» REQUIRED WORK
Below is a listing with pictures in it; transcribe exactly the lines from the one that has "Комплект для мужчин" through the one that has "업무 차 성수동에 갔다가, 에디션덴마크", and omit those pictures.
Segment Start: DATA RECORDS
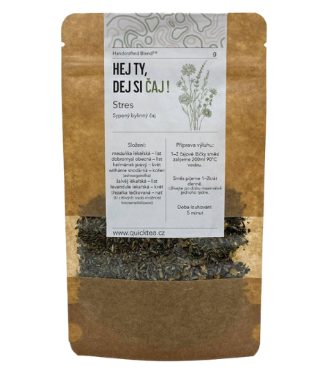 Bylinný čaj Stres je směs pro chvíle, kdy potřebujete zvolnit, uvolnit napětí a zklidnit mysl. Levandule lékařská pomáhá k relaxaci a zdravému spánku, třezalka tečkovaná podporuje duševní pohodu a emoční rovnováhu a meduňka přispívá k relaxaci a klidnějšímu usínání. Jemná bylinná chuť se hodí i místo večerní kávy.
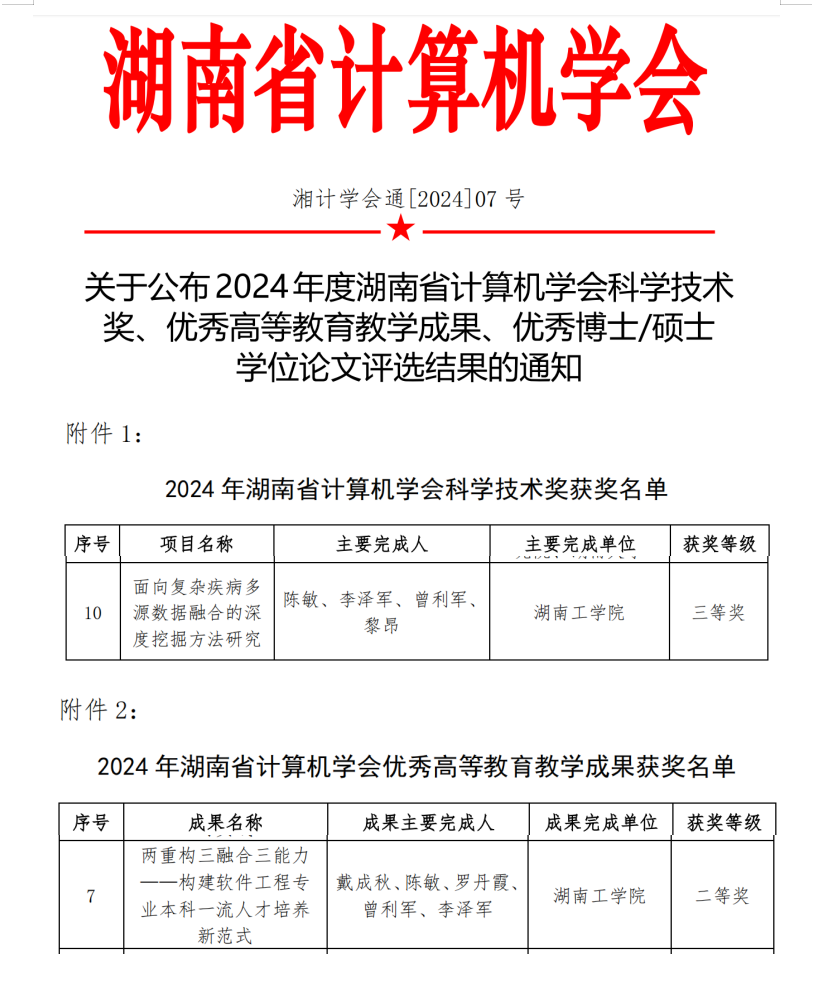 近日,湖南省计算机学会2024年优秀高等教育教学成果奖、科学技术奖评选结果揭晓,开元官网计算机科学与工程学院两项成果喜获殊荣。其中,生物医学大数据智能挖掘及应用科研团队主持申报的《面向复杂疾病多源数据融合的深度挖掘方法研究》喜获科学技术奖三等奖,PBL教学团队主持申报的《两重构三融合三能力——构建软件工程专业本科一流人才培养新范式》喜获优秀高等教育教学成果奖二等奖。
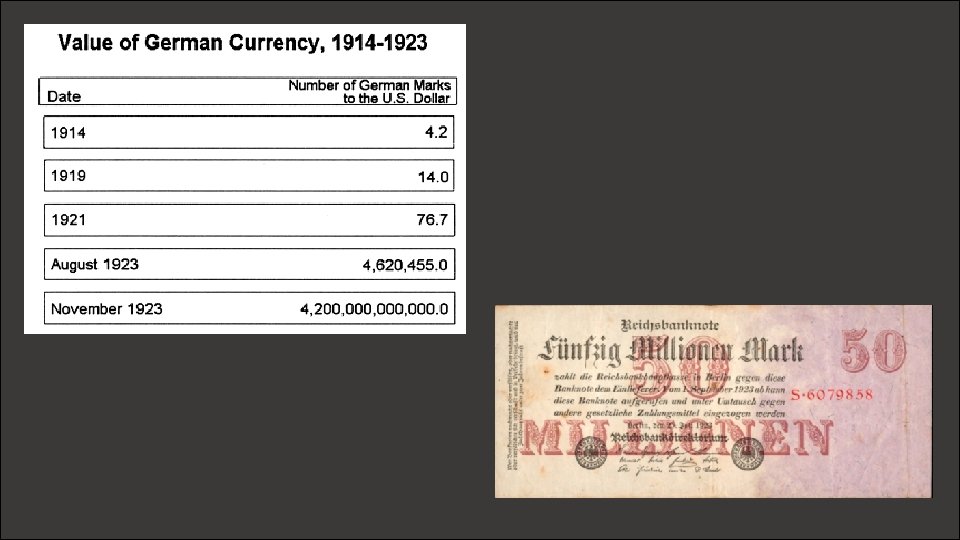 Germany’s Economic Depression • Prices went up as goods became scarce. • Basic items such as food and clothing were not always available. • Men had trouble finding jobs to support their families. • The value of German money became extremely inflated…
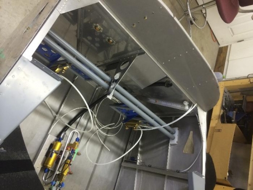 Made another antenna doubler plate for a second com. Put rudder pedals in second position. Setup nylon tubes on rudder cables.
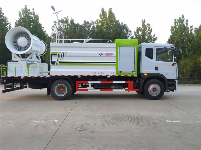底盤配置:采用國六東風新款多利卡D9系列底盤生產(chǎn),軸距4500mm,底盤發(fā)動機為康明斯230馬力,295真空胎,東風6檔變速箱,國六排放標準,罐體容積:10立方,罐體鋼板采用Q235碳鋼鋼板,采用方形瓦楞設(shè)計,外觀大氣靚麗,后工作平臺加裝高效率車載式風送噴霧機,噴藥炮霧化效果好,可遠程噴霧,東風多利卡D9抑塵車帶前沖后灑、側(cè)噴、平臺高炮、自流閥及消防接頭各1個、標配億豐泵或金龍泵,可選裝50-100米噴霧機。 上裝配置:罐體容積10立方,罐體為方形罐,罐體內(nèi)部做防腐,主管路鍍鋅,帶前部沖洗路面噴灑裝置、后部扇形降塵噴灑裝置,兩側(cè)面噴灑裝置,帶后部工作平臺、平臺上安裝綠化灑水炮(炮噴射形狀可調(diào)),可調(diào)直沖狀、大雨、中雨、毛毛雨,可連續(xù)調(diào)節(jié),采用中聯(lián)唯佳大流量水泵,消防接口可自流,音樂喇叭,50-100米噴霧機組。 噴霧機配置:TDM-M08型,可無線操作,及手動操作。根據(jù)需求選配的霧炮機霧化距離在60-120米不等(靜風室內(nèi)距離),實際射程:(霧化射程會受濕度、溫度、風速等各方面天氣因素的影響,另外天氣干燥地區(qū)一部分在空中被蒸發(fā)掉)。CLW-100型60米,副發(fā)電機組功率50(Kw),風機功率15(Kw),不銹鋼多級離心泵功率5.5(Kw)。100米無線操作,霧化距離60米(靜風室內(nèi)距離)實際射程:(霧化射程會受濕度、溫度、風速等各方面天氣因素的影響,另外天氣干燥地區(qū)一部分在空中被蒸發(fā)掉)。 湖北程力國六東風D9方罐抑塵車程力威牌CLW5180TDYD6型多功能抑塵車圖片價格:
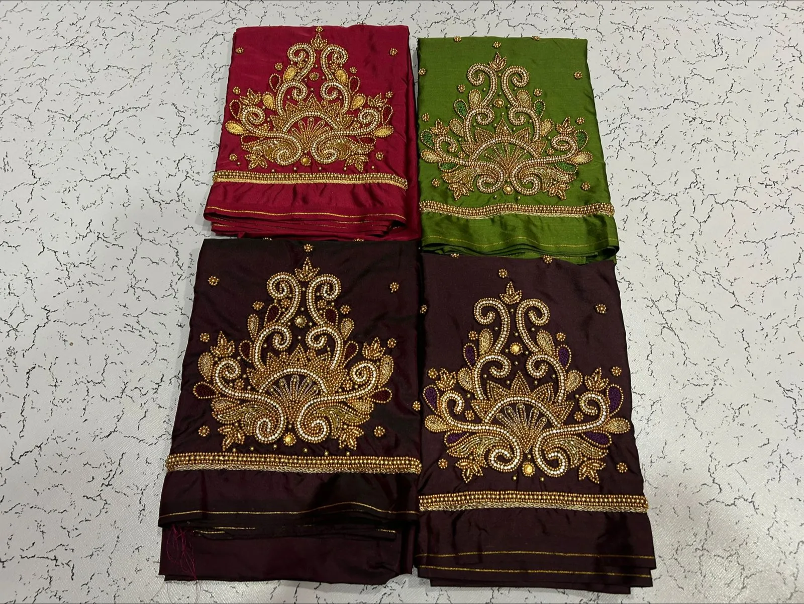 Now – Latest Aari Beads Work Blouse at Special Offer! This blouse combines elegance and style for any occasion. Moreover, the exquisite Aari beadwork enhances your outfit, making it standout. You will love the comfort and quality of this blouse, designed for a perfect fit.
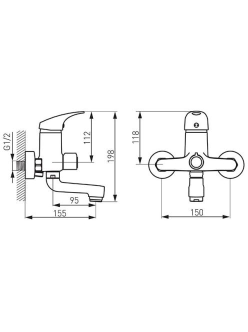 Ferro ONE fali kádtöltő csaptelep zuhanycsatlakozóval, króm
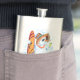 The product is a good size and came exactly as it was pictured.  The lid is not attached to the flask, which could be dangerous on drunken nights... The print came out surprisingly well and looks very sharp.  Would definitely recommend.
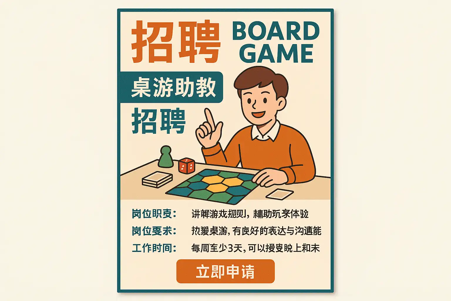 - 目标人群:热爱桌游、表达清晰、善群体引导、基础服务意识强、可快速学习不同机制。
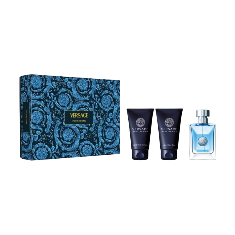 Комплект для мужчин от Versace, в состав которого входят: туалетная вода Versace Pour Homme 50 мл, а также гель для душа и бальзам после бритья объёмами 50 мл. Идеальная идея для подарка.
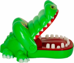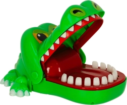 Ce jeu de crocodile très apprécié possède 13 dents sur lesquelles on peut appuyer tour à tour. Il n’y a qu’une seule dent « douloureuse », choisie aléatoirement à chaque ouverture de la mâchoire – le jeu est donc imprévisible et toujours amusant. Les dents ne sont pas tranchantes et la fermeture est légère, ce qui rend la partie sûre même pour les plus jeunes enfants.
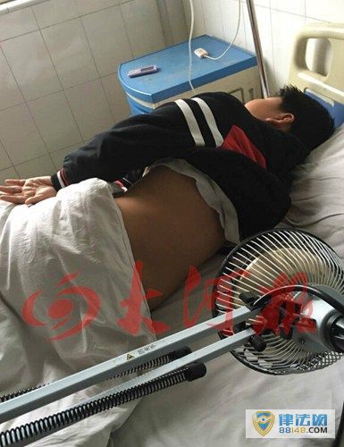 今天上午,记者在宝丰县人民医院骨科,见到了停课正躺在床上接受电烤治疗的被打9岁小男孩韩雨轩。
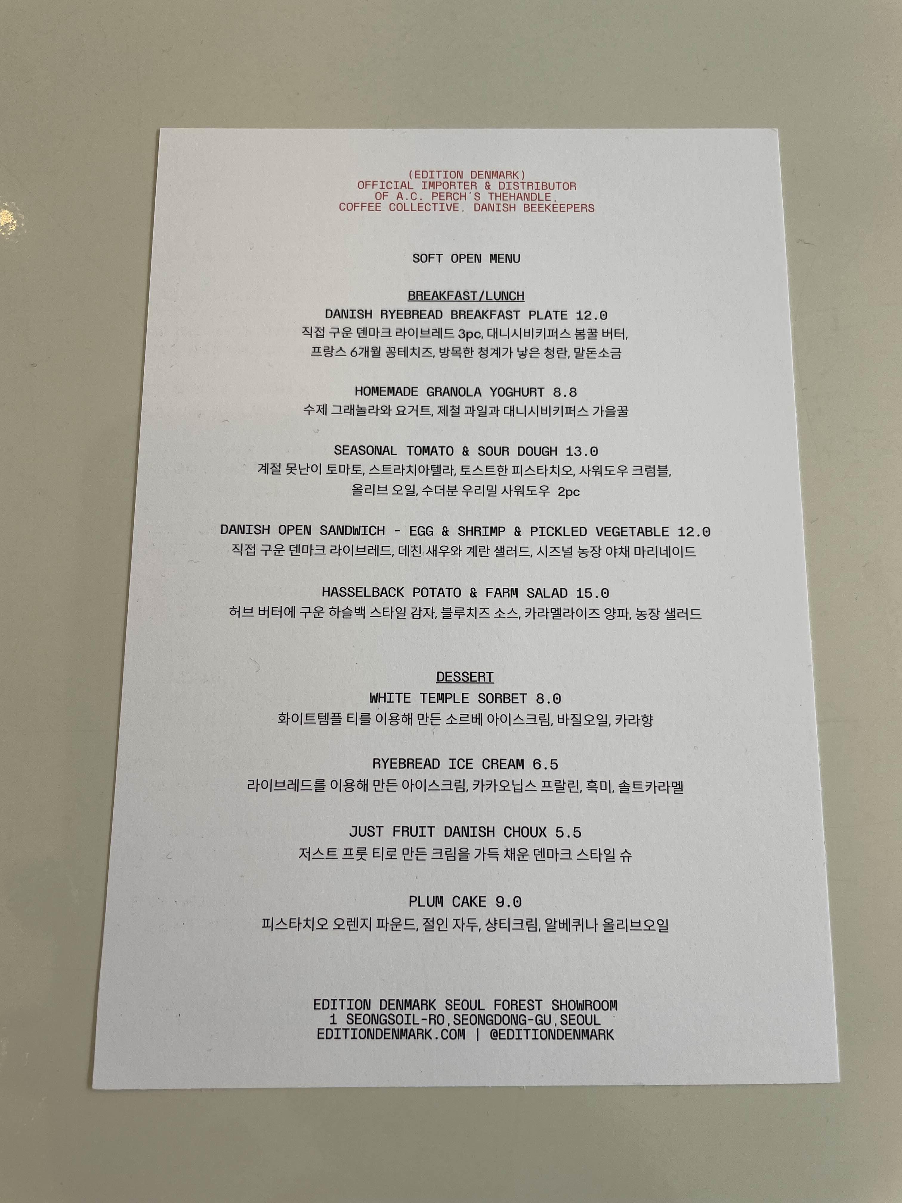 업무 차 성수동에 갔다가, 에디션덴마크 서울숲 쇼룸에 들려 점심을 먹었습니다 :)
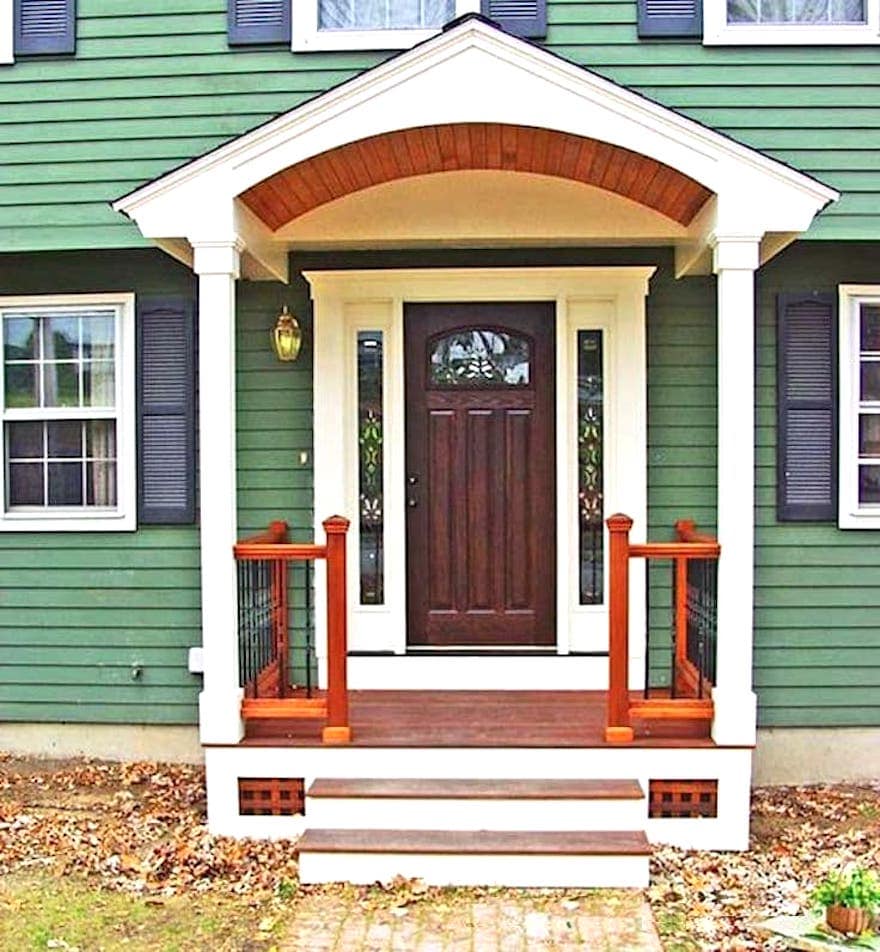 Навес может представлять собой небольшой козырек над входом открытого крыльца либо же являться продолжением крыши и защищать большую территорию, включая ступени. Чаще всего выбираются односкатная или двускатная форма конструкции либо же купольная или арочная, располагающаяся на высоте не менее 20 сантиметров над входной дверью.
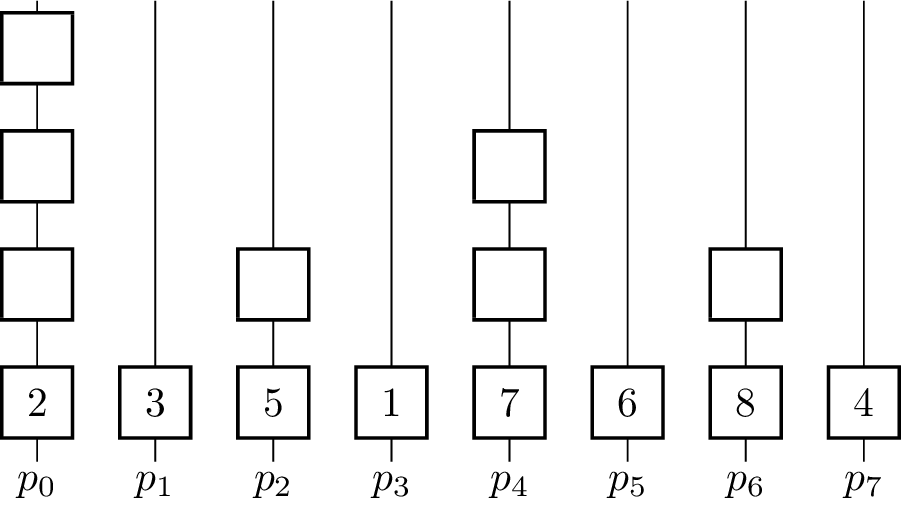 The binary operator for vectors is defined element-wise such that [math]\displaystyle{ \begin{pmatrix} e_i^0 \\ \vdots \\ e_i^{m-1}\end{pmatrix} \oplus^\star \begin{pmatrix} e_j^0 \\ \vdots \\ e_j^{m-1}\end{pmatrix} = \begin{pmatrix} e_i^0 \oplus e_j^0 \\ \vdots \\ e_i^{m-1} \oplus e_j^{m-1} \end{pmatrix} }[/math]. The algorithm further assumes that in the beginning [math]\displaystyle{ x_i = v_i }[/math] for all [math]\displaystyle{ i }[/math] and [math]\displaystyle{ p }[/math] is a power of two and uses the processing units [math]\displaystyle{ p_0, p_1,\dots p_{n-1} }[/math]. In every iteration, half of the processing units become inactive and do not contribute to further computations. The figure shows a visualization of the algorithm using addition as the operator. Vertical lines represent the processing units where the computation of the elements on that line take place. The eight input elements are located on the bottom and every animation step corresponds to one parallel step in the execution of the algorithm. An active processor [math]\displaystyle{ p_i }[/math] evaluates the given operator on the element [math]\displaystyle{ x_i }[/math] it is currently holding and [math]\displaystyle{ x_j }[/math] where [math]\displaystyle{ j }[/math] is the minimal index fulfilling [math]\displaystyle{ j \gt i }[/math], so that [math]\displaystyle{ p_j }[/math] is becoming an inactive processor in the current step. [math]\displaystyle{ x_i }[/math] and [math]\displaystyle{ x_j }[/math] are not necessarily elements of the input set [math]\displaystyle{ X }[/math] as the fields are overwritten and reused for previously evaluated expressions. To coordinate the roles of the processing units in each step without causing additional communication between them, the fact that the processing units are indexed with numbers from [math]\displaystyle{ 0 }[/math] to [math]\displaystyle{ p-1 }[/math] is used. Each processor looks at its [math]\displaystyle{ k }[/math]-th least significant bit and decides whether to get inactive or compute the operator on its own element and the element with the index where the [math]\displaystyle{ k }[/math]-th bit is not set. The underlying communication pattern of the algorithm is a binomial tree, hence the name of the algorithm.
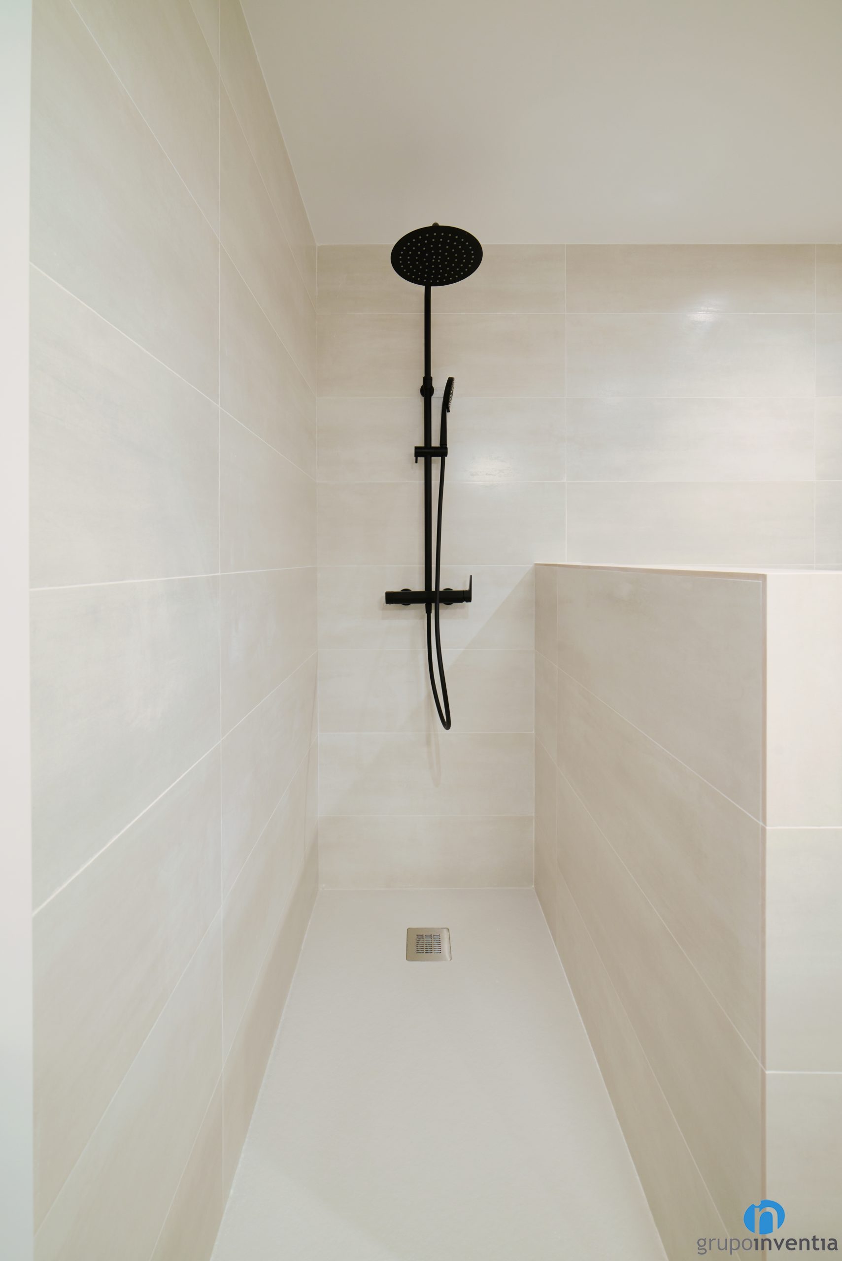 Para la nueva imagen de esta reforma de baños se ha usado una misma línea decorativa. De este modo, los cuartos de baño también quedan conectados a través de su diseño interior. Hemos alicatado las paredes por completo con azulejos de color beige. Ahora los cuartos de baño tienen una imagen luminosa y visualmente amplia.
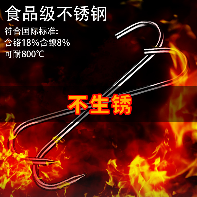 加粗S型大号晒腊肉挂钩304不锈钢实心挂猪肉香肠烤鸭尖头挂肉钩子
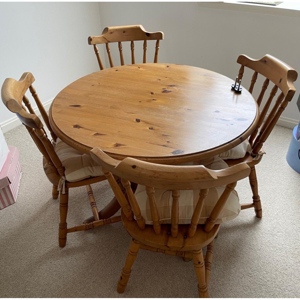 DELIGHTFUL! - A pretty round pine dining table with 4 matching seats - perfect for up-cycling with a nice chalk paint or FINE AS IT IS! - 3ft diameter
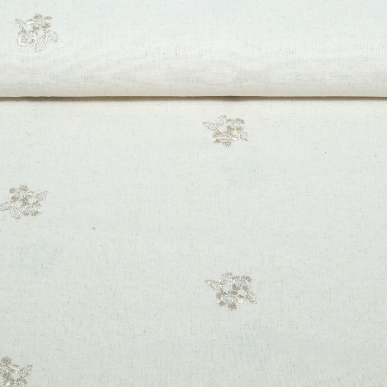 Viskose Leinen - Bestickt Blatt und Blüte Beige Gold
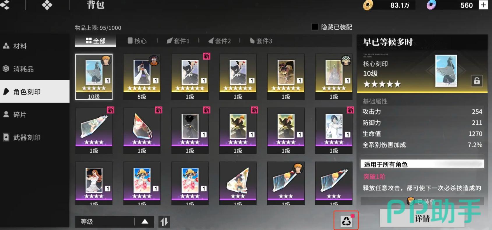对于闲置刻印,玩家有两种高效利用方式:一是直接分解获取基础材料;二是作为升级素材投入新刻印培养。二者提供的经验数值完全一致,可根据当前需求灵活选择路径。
Segment End: DATA RECORDS
» EXERCISE ANSWER
 Комплект для мужчин от Versace, в состав которого входят: туалетная вода Versace Pour Homme 50 мл, а также гель для душа и бальзам после бритья объёмами 50 мл. Идеальная идея для подарка.
 Ce jeu de crocodile très apprécié possède 13 dents sur lesquelles on peut appuyer tour à tour. Il n’y a qu’une seule dent « douloureuse », choisie aléatoirement à chaque ouverture de la mâchoire – le jeu est donc imprévisible et toujours amusant. Les dents ne sont pas tranchantes et la fermeture est légère, ce qui rend la partie sûre même pour les plus jeunes enfants.
 今天上午,记者在宝丰县人民医院骨科,见到了停课正躺在床上接受电烤治疗的被打9岁小男孩韩雨轩。
 업무 차 성수동에 갔다가, 에디션덴마크 서울숲 쇼룸에 들려 점심을 먹었습니다 :)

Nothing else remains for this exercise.